2018 New Treatment Awards

In recognition of achieving major milestones, WORLDSymposium honors “new treatments” that were viewed as providing value to patients with lysosomal diseases, and general acceptance as evidenced by approval by the U.S. Food and Drug Administration, European Medicines Agency, and other regulatory authorities. Two new treatments were recognized with the WORLDSymposium 2018 New Treatment Award:

Cerliponase alfa (Brineura™, BioMarin)
On April 27, 2017, cerliponase alfa (Brineura™, BioMarin) became the first approved treatment for CLN2, (a form of Batten disease), by the U.S. Food and Drug Administration. It is indicated to slow the loss of ambulation in symptomatic pediatric patients 3 years of age and older, with late infantile neuronal ceroid lipofuscinosis type 2 (CLN2), also known as tripeptidyl peptidase 1 (TPP1) deficiency. CLN2 disease is an ultra-rare and rapidly progressing brain disorder that affects an estimated 20 children born in the United States each year – less than one in a million Americans. Notably, cerliponase alfa is the first enzyme replacement therapy to be directly administered into the cerebrospinal fluid of the central nervous system. It is aimed at treating the underlying cause of CLN2 disease by replacing the deficient TPP1 enzyme missing in affected children.

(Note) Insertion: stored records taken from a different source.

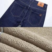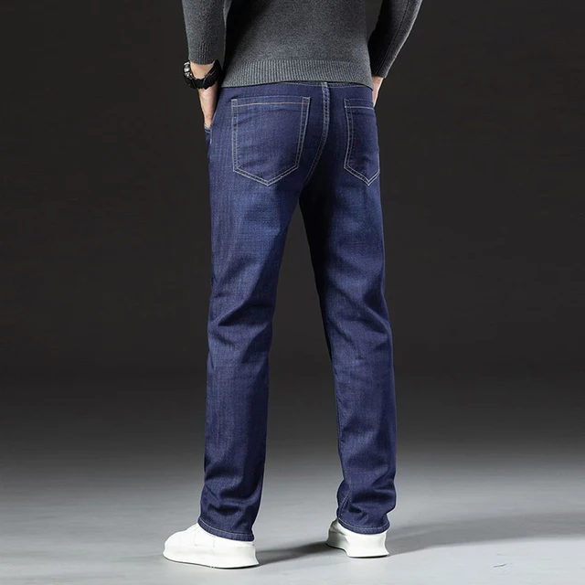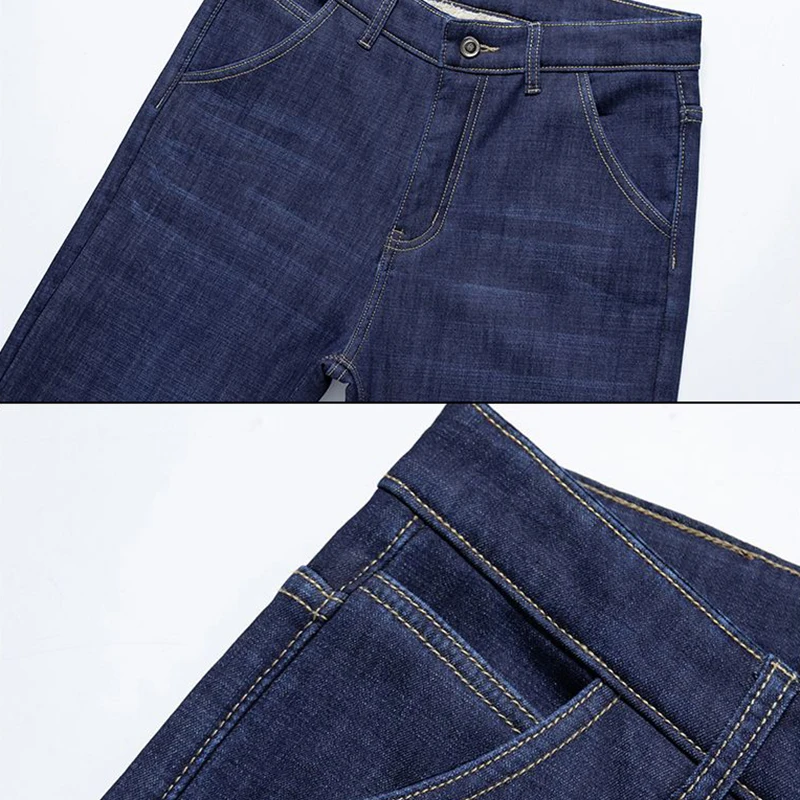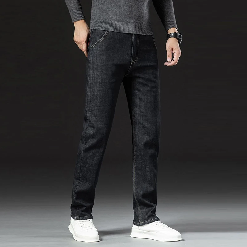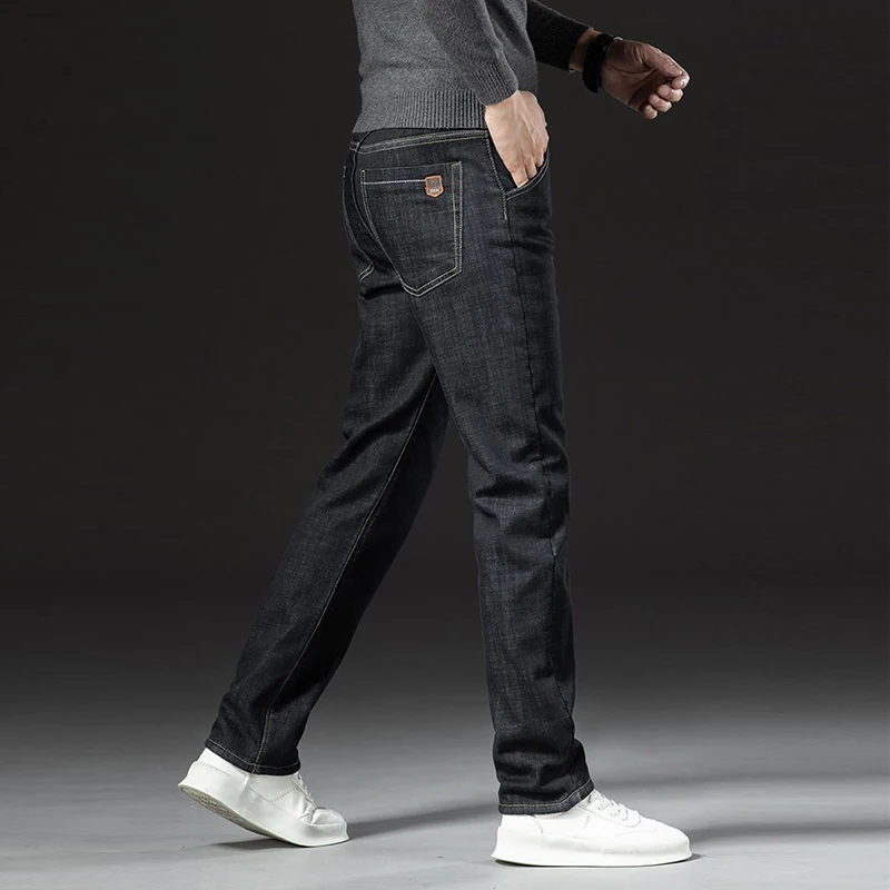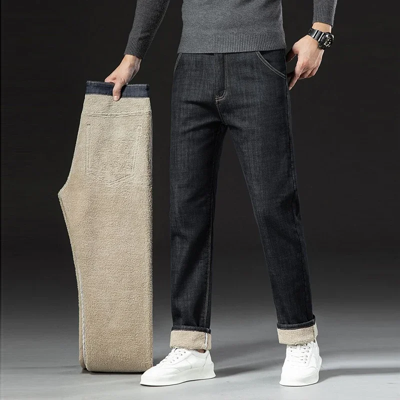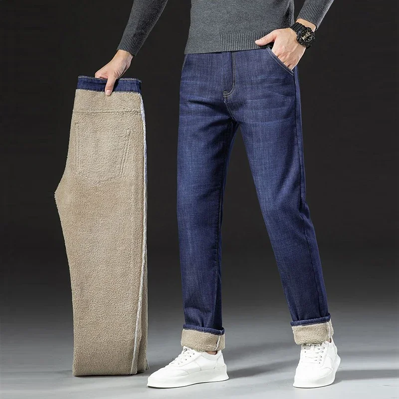Men Winter Fleece Lined Thickened Warm Jeans Male Fashion Loose Straight Denim Pants Smart Casual Comfortable
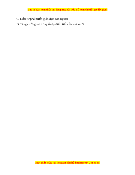 Câu 16: Bài h c quan t ọ r ng nh ọ ất Vi t ệ Nam có th h ể c t ọ p ậ t s ừ phát ự tri n ể “thần kì” c a ủ Nh t ậ B n s ả au chi n t ế ranh th gi ế i ớ th hai ứ trong công cu c đ ộ i ổ m i ớ đất nư c ớ hi n nay ệ là A. Tranh th các ngu ủ ồn viện tr t ợ ừ bên ngoài B. H n ch ạ ế ngân sách qu c phòng đ ố ể t p t ậ rung phát tri n ki ể nh t ế M i
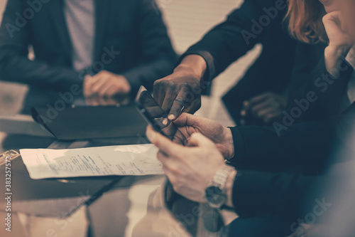 close up. business colleagues viewing messages on a smartphone
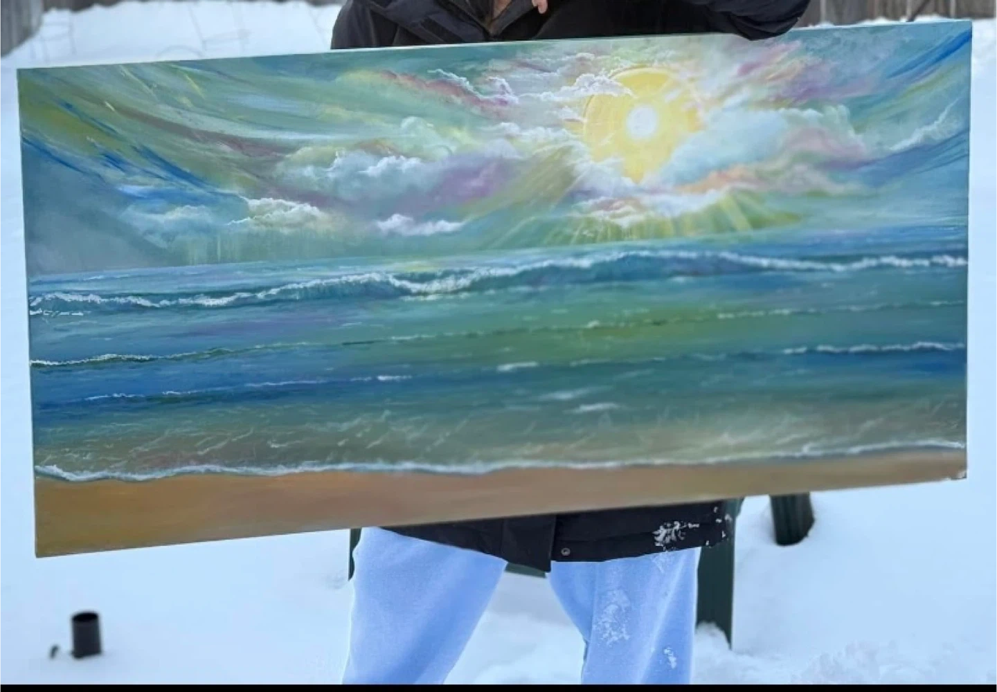 Original mixed media painting on 48” X 24” on 100% cotton duck canvas is stretched over a solid wood.
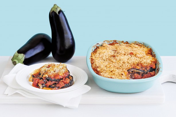 Presarati vinetele cu 2 linguri de sare si lasati-le deoparte sa iasa sucul amar. Intre timp, incalziti cuptorul la 180 ° C. Incingeti o lingura de ulei intr-o cratita si caliti ceapa pana se inmoaie. Adaugati rosiile tocate, sarea, putin piper si fierbeti, acoperite, 10 – 15 minute. Luati cratita de pe foc si adaugati busuiocul. Clatiti feliile de vinete si scurgeti-le bine.. Uscati-le cu un servet de hartie si apoi presarati-le cu faina. Incingeti jumatate din restul de ulei intr-o tigaie si rumeniti usor vinetele, pe rand, 2, 3 minute. Aranjati o treime din vinete pe fundul unui vas termorezistent, , uns cu uleim apoi presarati cu o treime din parmezan. Asezati deasupra o treime din mozzarella, asezand feliile la distante egale, apoi turnati deasupra o treime din sosul de rosii. Repetati operati de doua ori. Coaceti in centrul cuptorului, 30 minute, pana cand se rumensc usor. Presarati busuiocul taiat subtire si serviti cu paine prajita sau altfel de paine si cu salata.
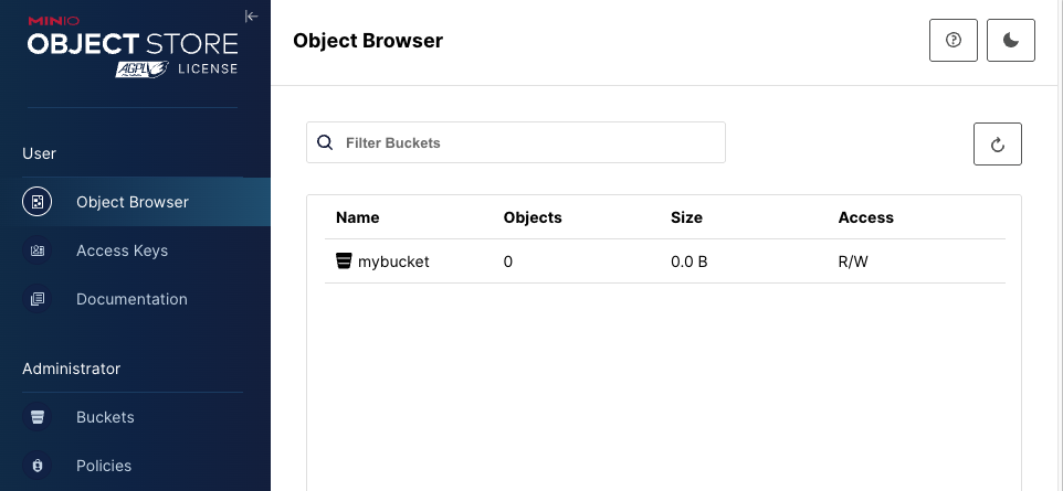 설정이 다 되었다면 mybucket 을 생성해놓습니다.
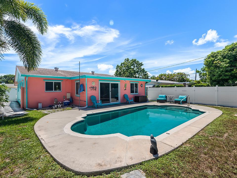 Find everything you're looking for and so much more in this charming home with private pool located in the desirable McDonald Park neighborhood and located just one mile from the beach. Here you'll find a fully renovated home with too many upgrades to mention, including: whole-house impact windows and sliding door (2021), new AC (2021), plus landscaping features, new privacy fencing, pool pump and so much more. (Detailed feature list available upon request.) Incredible outdoor space is a true oasis, built for entertaining, play, and relaxation. Kitchen feature stainless steel appliances, tile backsplash and granite countertops. Fully renovated baths offer added style and beauty. No HOA, so you have all of the options: short-term rental, RV or boat parking, the choice is always yours. New electrical panel and incoming service feed (2020) Landscaping with patio tiles and stone (2021) New hurricane impact windows throughout (2021) New hurricane sliding back door (2021) New air conditioner (2021) Ducts cleaned (2020) New flooring in all bedrooms and dining room (2020) New shower doors (2021) New fence gates (2021) New blinds (2021) New pool pump (2021) New dishwasher (2022) New ceiling fans with lights (2021) Water Heater (2001) Roof (2006) There is also a whole house water filtration system - if desired, can be discussed for negotiation.
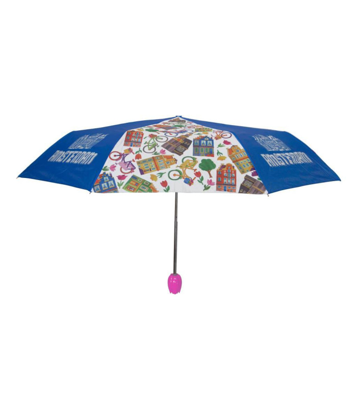 Bij een echte Hollandse lucht hoort op z’n tijd ook een flinke regenbui. Een leuk souvenir of cadeau! Vouwparaplu met Amsterdam compilatie.
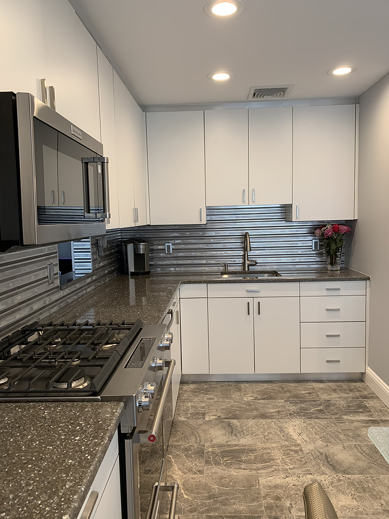 Hardware, Metal Backsplash, Stainless Steel Appliances, Porcelain Floor
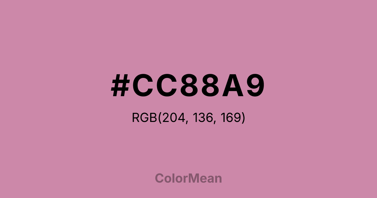 #CC88A9 RGB value is (204, 136, 169). The hex color red value is 204, green is 136, and blue is 169. Its HSL format shows a hue of 331°, saturation of 40 percent, and lightness of 67 percent. The CMYK process values are 0 percent, 33 percent, 17 percent, 20 percent.
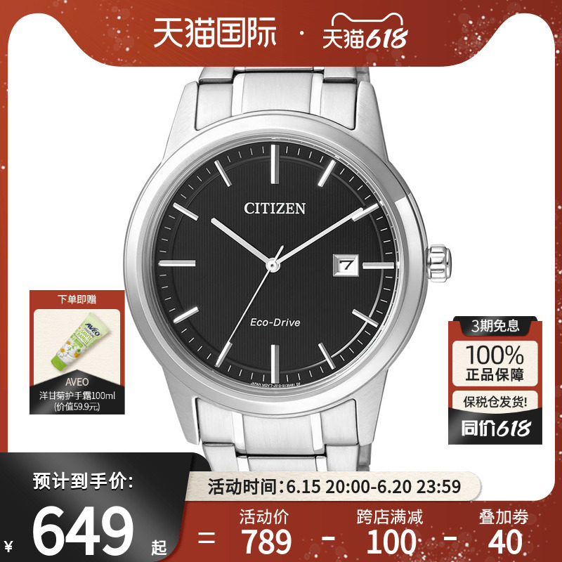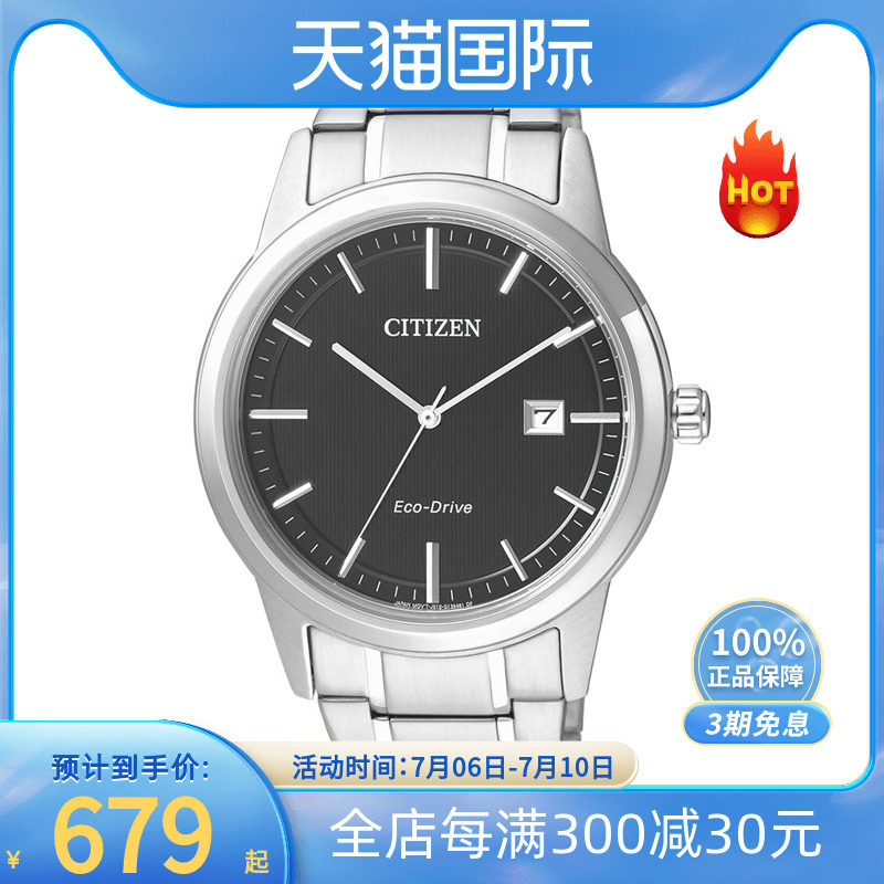 券 20元销量4citizen/西铁城光动能手表男新款正品商务休闲钢带腕表AW1670-82A
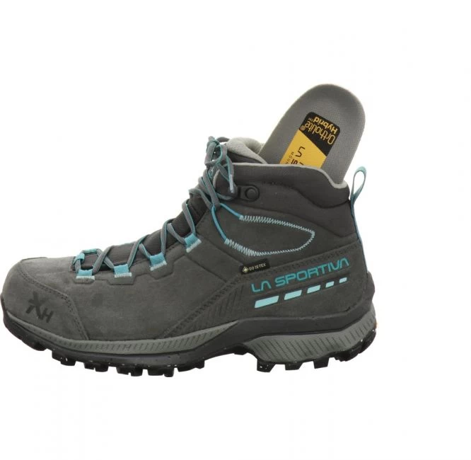 Leichter und komfortabler Wanderschuh von La Sportiva. Das Obermaterial besteht aus hochwertigem Veloursleder mit einem Kragen aus abriebfestem Mesh. Das Futter verfügt über eine atmungsaktive, wind- und wasserdichte GORE-TEX® Extended Comfort Bluesign® Membran. Das Ortholite® Hybrid Mountain Hiking Fußbett ist austauschbar. Für Ihren persönlichen Gehkomfort können Sie Ihre eigenen Einlagen einsetzen. Die Vibram® Eco Step Evo Sohle aus Gummi und die EVA Zwischensohle sorgen für besten Halt und Dämpfung. Durch die Verwendung umweltfreundlicher recycelter Materialien ist er zudem nachhaltig. Ihr bequemer Begleiter für Tageswanderungen.
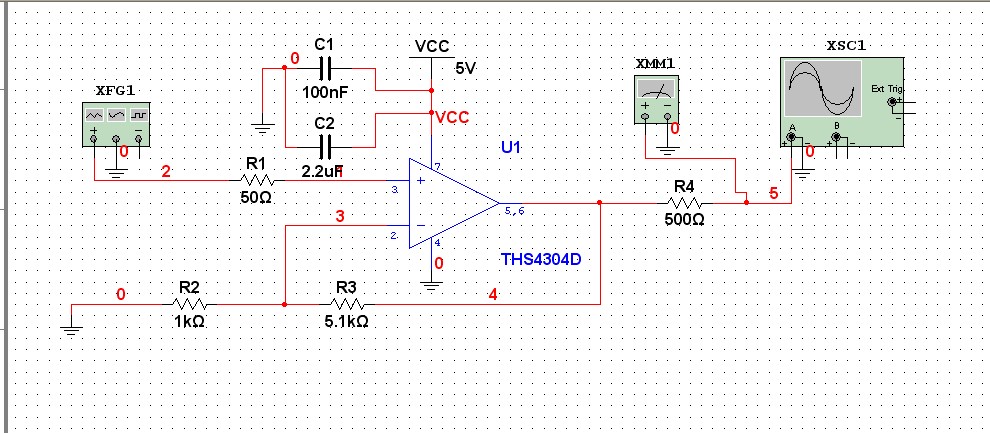 各位老师,又要打扰了,一个简单的运放放大实验,片子是THS4304,电路图中各电阻阻值分别为50 470 4.7k ,先试了个输入频率为20k,Vpp为200mv,接到示波器上图像啥都没有呀,宽带放大器很是捉摸不透示波器上的频率都不对,求各位老师指导
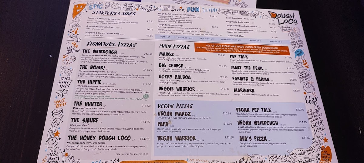 Welcome to Dough LoCo, a vibrant pizzeria located on Drury Lane in Lincoln, where creativity meets quality. The star of the menu is undoubtedly the signature The Weirdough, featuring a delightful blend of House Marinara, various cheeses, and a medley of toppings including spicy Nduja sausage and balsamic glaze, all for just £14.95. If you're feeling adventurous, try The BOMB!, a fiery delight that promises a flavor explosion.
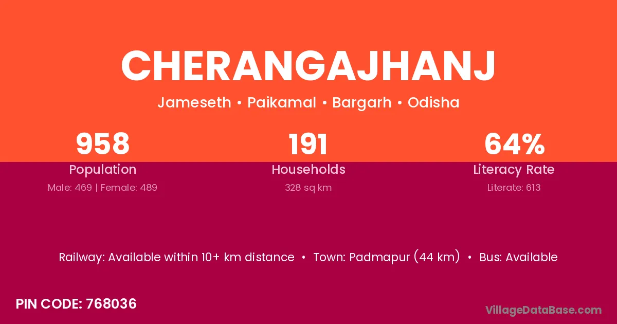 Padmapur (44 km) is the nearest town to Cherangajhanj village for major economic activities and is located approximately 44 km away.

Vestronidase alfa (MEPSEVII™, Ultragenyx)
On November 15, 2017, the U.S. Food and Drug Administration approved vestronidase alfa (MEPSEVII™, Ultragenyx) to treat pediatric and adult patients affected with mucopolysaccharidosis type VII (MPS VII), also known as Sly syndrome. MPS VII is an extremely rare, progressive condition that affects most tissues and organs.

WORLDSymposium presented the New Treatment Awards on Monday, February 5, 2018, at 5:15 PM in the Harbor Foyer, followed by the Opening Reception in the Exhibit Hall.